Trotzdem mag die Kategorisierung von Uslé als abstraktem Fotografen in die Irre führen, zumal Uslés "realistische" Fotos von Menschen und wie beiläufig aufgenommenen Alltagsszenen in der aktuellen Ausstellung ausgeblendet werden. Das ist schade, denn man würde Uslés fotografische Praktik besser verstehen. Fotografie ist für Uslé nicht die Fortsetzung der Malerei mit anderen Mitteln, sondern die Aufzeichnung von Momenten, von Konstellationen, die ein Bild ergeben. Und hierin, in der Absehung von einem mimetischen Motiv, in der Überlassung an die Form, treffen Malerei und Fotografie bei Uslé zusammen. Es geht nicht um die Bedeutung der Formen, sondern um deren Wirkung als Bild, das einen trifft oder eben kalt lässt, ohne dass der Verstand wüsste, warum das so ist. Roland Barthes beschrieb diese Betroffenheit durch die Form als "punctum", und was Uslé im Foto vorstellt, ist das Zeugnis dieser "Punktierung". Nur ein Bild könnte man sagen, aber eines das wie im Haiku am Sinn vorbei etwas - ganz allgemein gesprochen - über das Verhältnis zwischen Mensch und Welt berichtet.

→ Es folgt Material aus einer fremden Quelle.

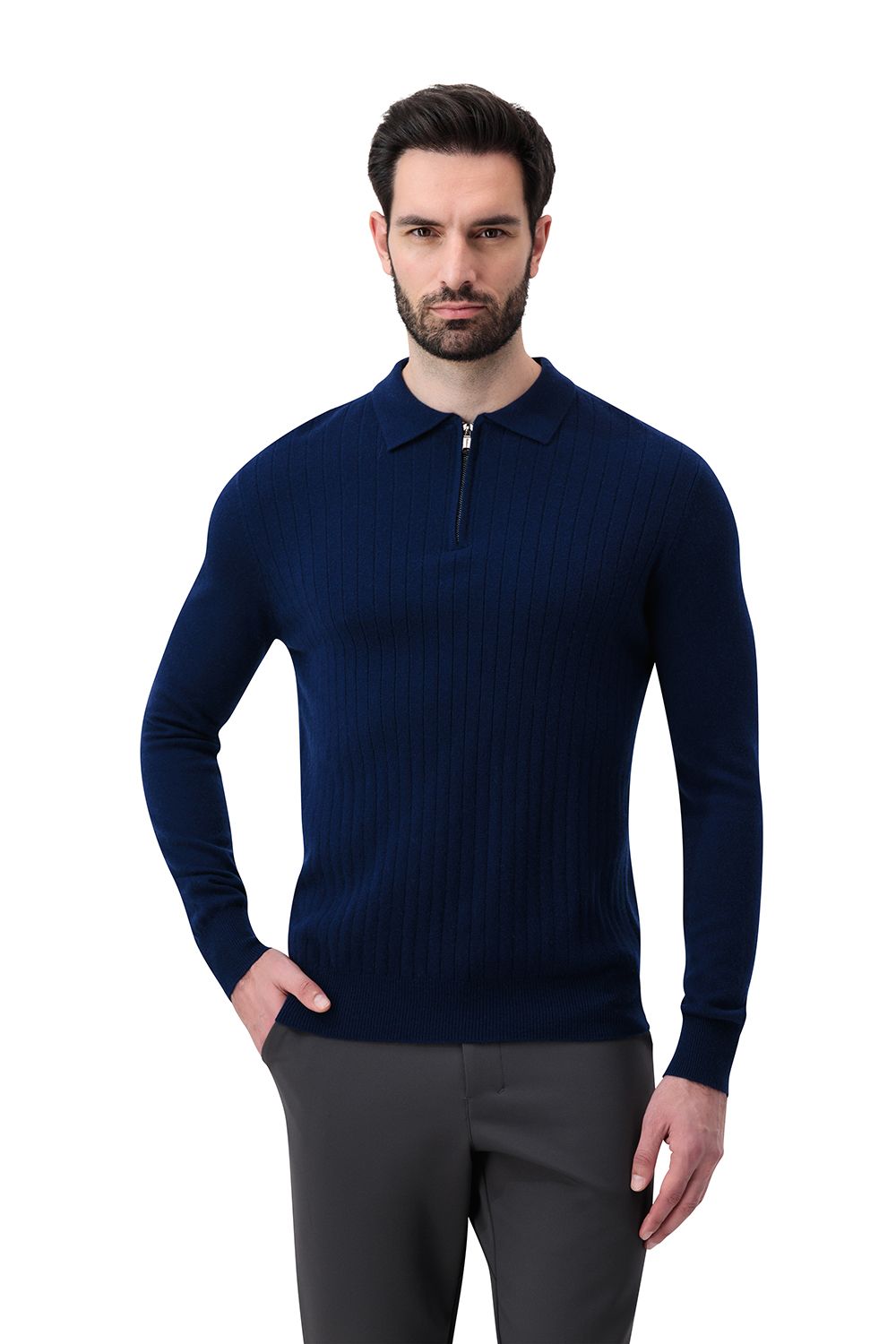 بلوفر صوف ميرينو بنص سحاب - بلوفر فاخر بتصميم كلاسيكي يدوم.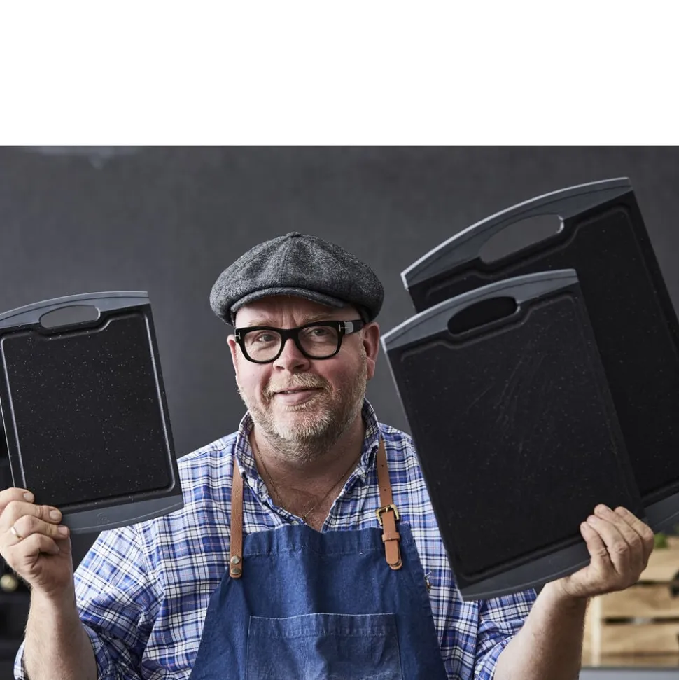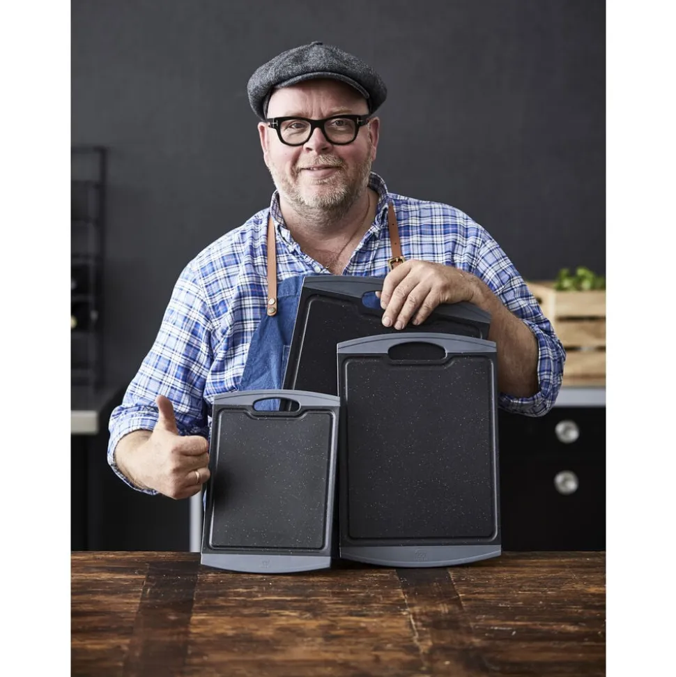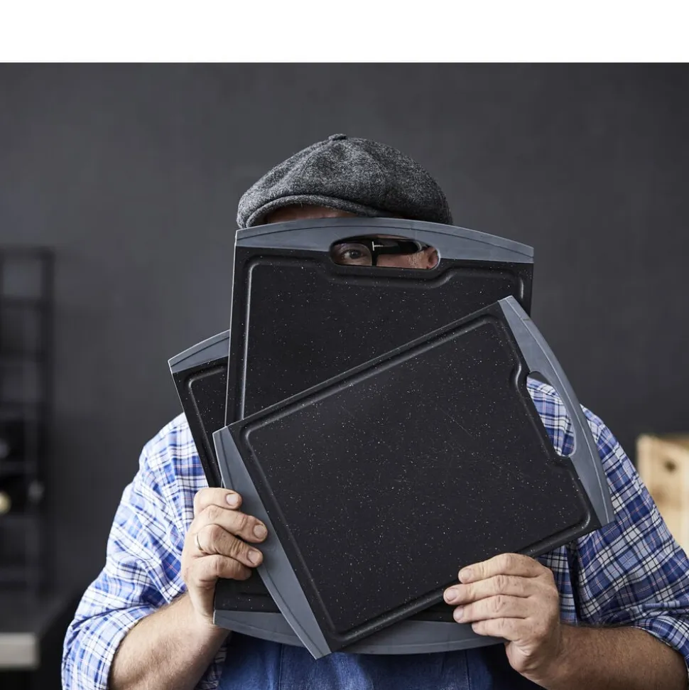 Skærebrættet er fremstillet med en skæreflade i PP plast og kant i TPE gummi.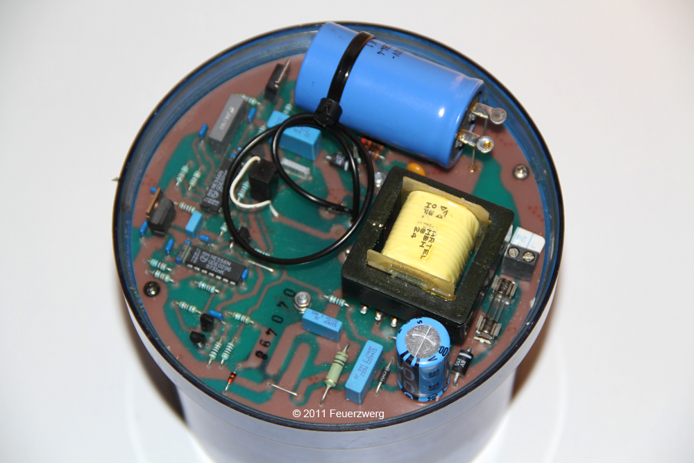 Die Blitzelektronik ist an die Haube angeschraubt und kann dann auf einen Sockel aufgebracht werden. Desweitern fand die Elektronik in der Hänsch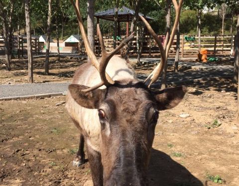 应该是私人开的,地方不大,比较破旧了,但能近距离接触动物,有鹿,兔子,养,猪,鹅,味道比较大,鹿是最多的,好多都没鹿角了,看着鹿挺可怜的,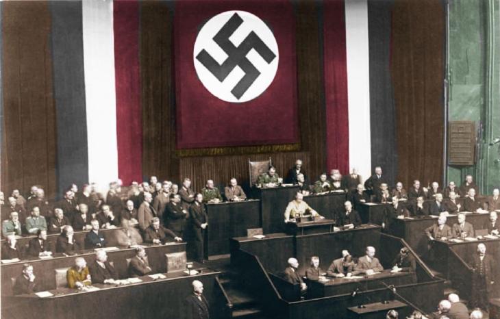 En 1933 fue nombrado canciller y, en pocos meses, desmanteló las instituciones democráticas para instaurar un régimen totalitario. A través de leyes represivas, censura y persecución política, el nazismo consolidó un sistema basado en el control absoluto del Estado y la sociedad.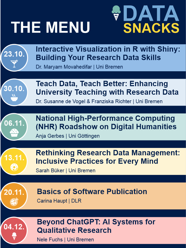 Past sessions are partly available through our Zenodo community: zenodo.org/communities/dsc-unibremen/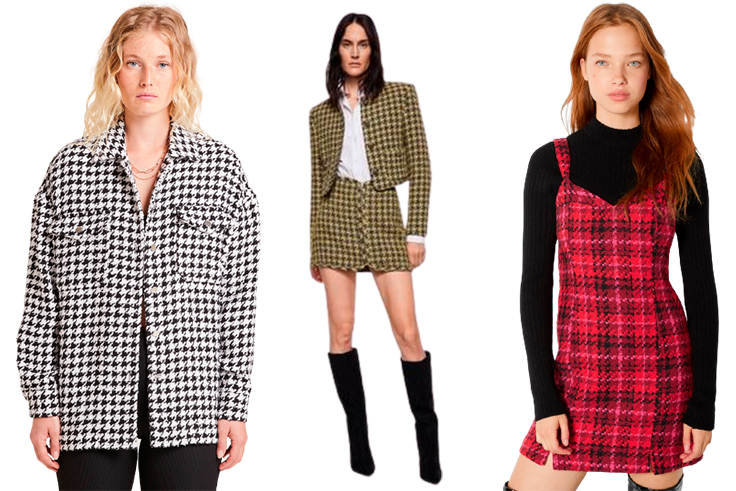 Dior y Chanel ya dejaron claro en sus propuestas para esta temporada que el tweed sería uno de los estampados protagonistas. Este tejido te otorga una clase única a tus looks y puedes apostar por él de diferentes formas: como blazer, abrigo, chaqueta, sobrecamisa,… Y tú, ¿con cuál de ellos te quedas? Nosotros hemos fichado esta sobrecamisa de Springfield, este conjunto chaqueta falda de Mango , y este vestido de Bershka.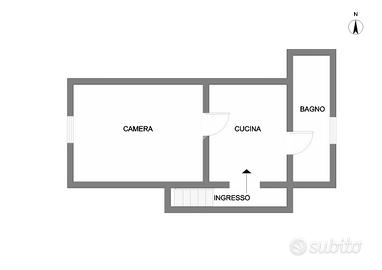 Ingresso su zona cucina, camera da letto finestrata, che assicura luminosità e ricambio d'aria e bagno.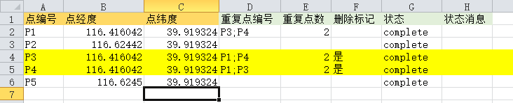 上图中经过执行,D列显示与当前行的重复点编号;E列显示了重复点个数,F列标记是的,可以删除,删除后仅保留重复点行数。
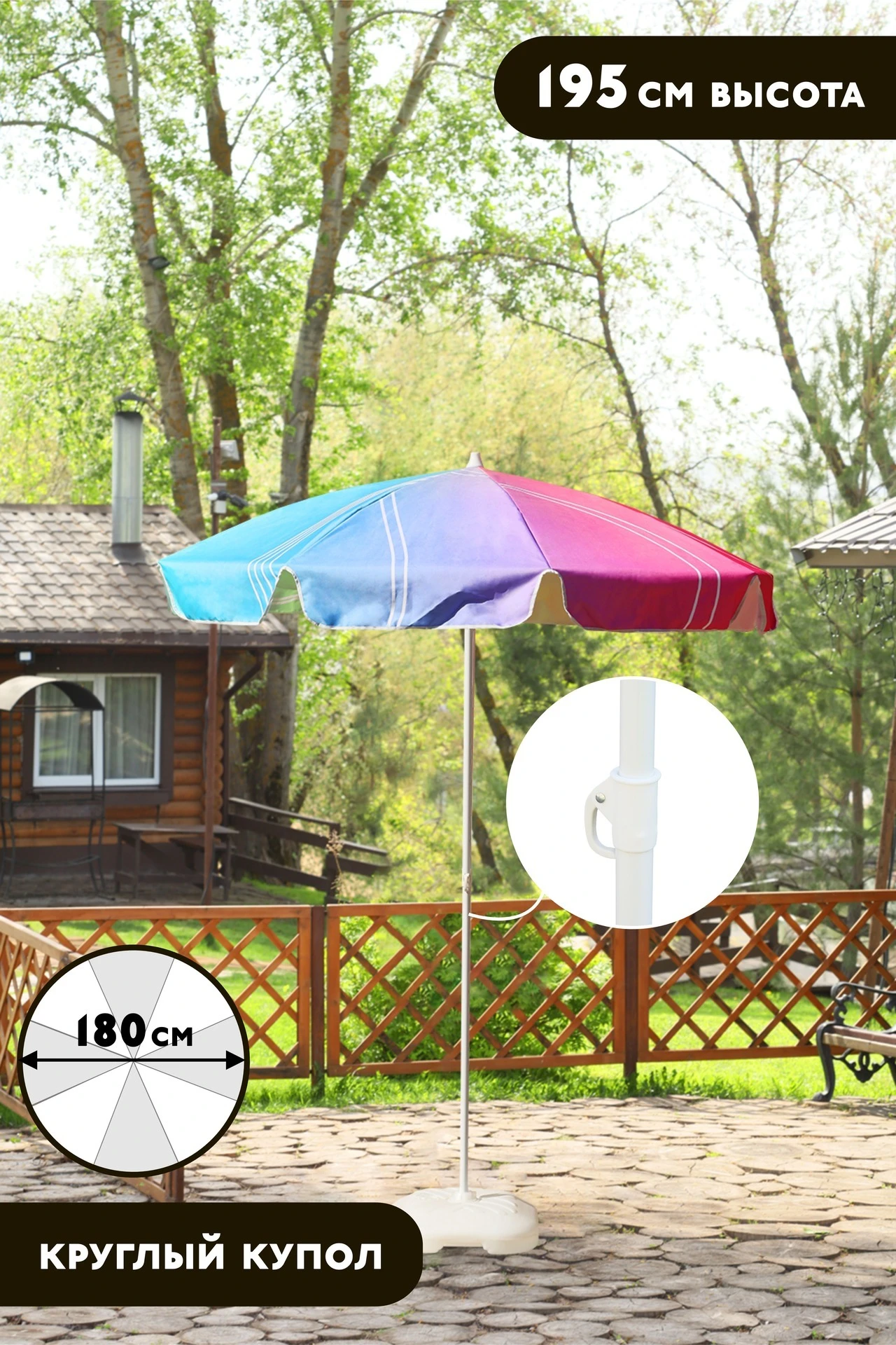 Модель: Конструкция зонта оснащена шарниром, благодаря которому возможно изменять угол наклона купола в зависимости от положения солнца.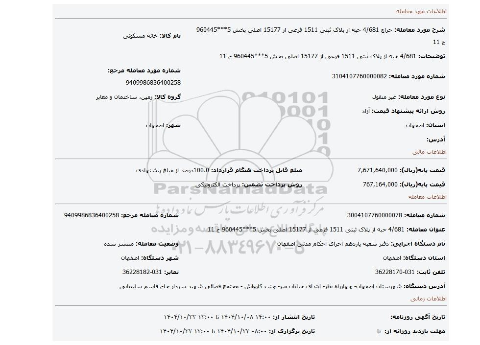 | شرح مورد معامله: حراج 4/681 حبه از پلاک ثبتی 1511 فرعی از 15177 اصلی بخش 5***960445 ج 11 | نام کالا: خانه مسکونی | |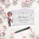 Eine Hochzeit Dankeschön Karte. Ein Imitat silber metallisch aussehende Hintergrundfarbe. Mit lila Imitaten Glitzer Glitzern. Auf der Vorderseite, ein großes handgeschriebenes Skript und der Text: Danke, Ihre Monogramm Initialen, Namen und ein Datum. Zurück: Personalisieren und fügen Sie Ihre Hochzeit Foto, danke Ihnen Notiz und Namen.
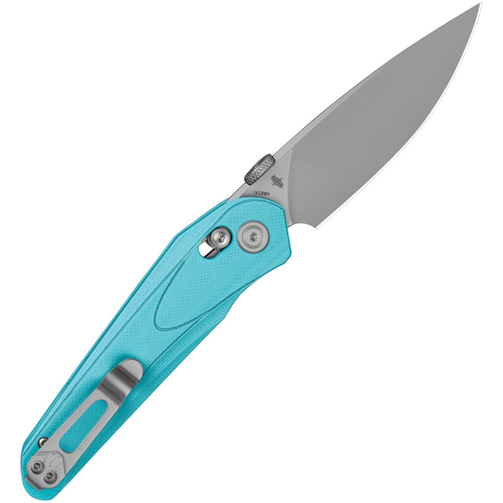 Рукоять цвета Tiffany Blue выполнена из G10 и отличается выраженной текстурой, обеспечивающей надёжный хват даже в условиях повышенной влажности. Анатомическая форма способствует комфортному удержанию, снижая нагрузку на кисть при длительном использовании. Конструкция продумана с учётом баланса между компактностью и удобством, а геометрия корпуса позволяет уверенно контролировать инструмент при работе. Цветовое решение подчёркивает сдержанную индивидуальность модели, оставаясь при этом практичным и уместным в любой обстановке.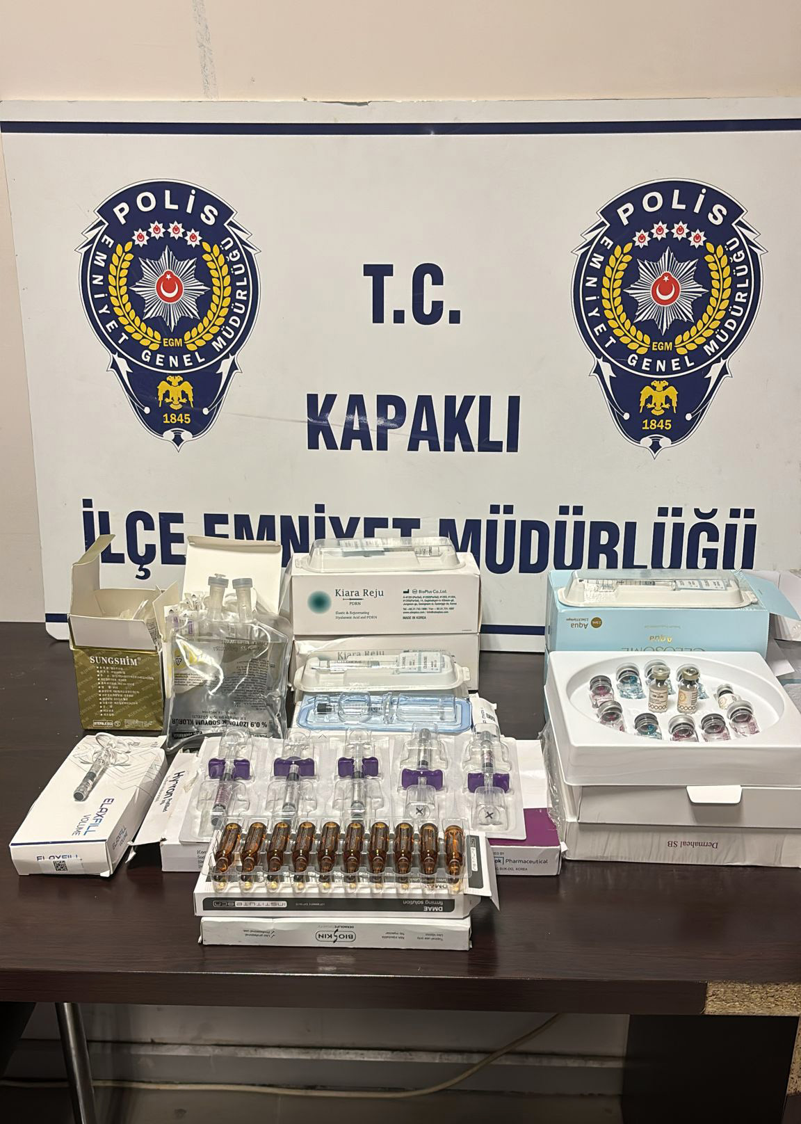 İlçe Emniyet Müdürlüğü ekipleri, S.A. adlı kadının Kapaklı ilçesi Atatürk Mahallesi Mert Sokak’taki evinde yetkisi olmadığı halde botoks, dolgu ve estetik operasyonlar yaptığını belirledi. Polis, eve düzenlediği baskınla S.A.’yı gözaltına aldı. Evde yapılan aramada estetik operasyonlarda kullanılan içinde sıvı bulunan 22 cam tüp, içinde sıvı bulunan 21 şırınga, içinde sıvı bulunan 14 ampul, 110 enjeksiyon iğnesi ucu ve 1 serum ele geçirildi.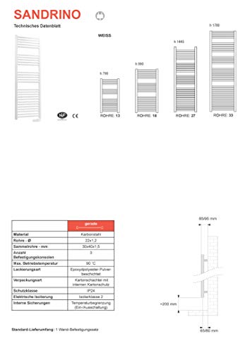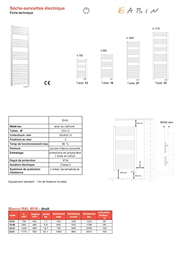 Scaldasalviette elettrico con termostato elettronico (1445 mm x 480 mm)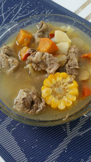 10分钟后放气,加玉米南瓜土豆块,适量盐,再加压5分钟。出锅后加适量鸡精。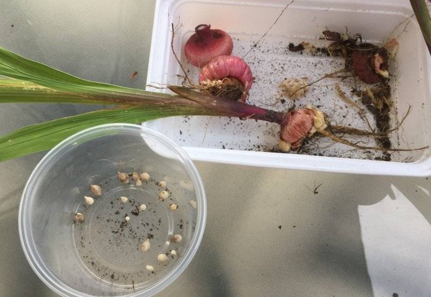 Как показывает практика, дачники не занимаются вышеописанными агротехническими мероприятиями из-за длительности и трудоёмкости процесса. Большинство цветоводов предпочитают разводить шпажники посредством отделения от материнского материала луковичных деток. Такой способ позволяет избежать перекрёстного опыления, даже при наличии рядом растущих гладиолусов разных сортов.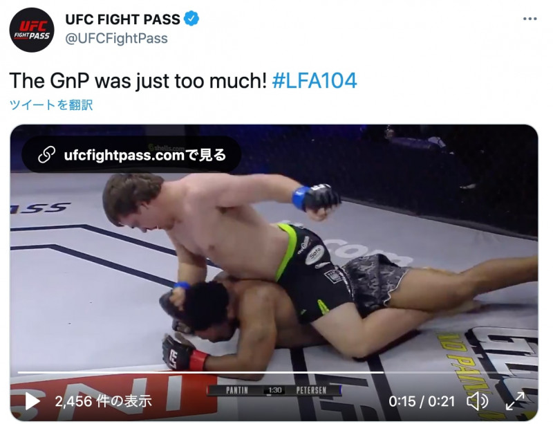 115kgヘビー級巨漢ピーターセンがパンチ連打!“首振り人形”の様に殴られた相手は戦意喪失(UFC FIGHT PASS公式SNSより)

Auch bei Roxy Paine, dem zweiten Künstler in der Ausstellung, ist das Verhältnis zur Natur als der uns umgebenden Welt durch die besondere Form vermittelt. Auch hier gibt es die Vorstellung, die Welt könne in uns eindringen. Das kann man fast buchstäblich verstehen. Was wir wahrnehmen, dringt durch die Sinne in uns ein, und was wir essen, zeigt bestimmte Wirkungen auf den Organismus. Diese banale Feststellung wird besonders deutlich, wenn es um Gifte oder Drogen geht. Paine beschäftigt sich seit einigen Jahren mit Schlafmohn, giftigem Efeu (Poison Ivy) und halluzinogenen Pilzen. Was der New Yorker im Kabinettraum der Galerie in täuschend echter Nachbildung aufgebaut hat, kommt in seiner Potenz einer Massenvernichtungswaffe gleich. Ein ganzes Feld der äußerst giftigen Fliegenpilze (55 000 Dollar) wächst hier auf dem Parkett. In niedriger Dosierung könne man mit solchen Pilzen wohl ganze Heerscharen high machen. Die potentielle Wirkungskraft der roten Kappen, wären sie nur echt, ist wohl der Grund dafür, warum Paine sich die Pilze für seine Installation ausgesucht hat. Sie sind nicht nur hübsch bunt anzusehen, sondern verkörpern das Versprechen auf eine natürliche Kraft, die andere Kunstwerke schwerlich erreichen könnten. Selbstverständlich handelt es sich bei dem toxischen Potential um eine eingebildete Wirkung - schließlich bestehen die Pilze aus Plastik. Dennoch spielt sie bei der Rezeption mit, liefert sie doch den ideellen Kontext, ohne den kein Kunstwerk als solches existiert.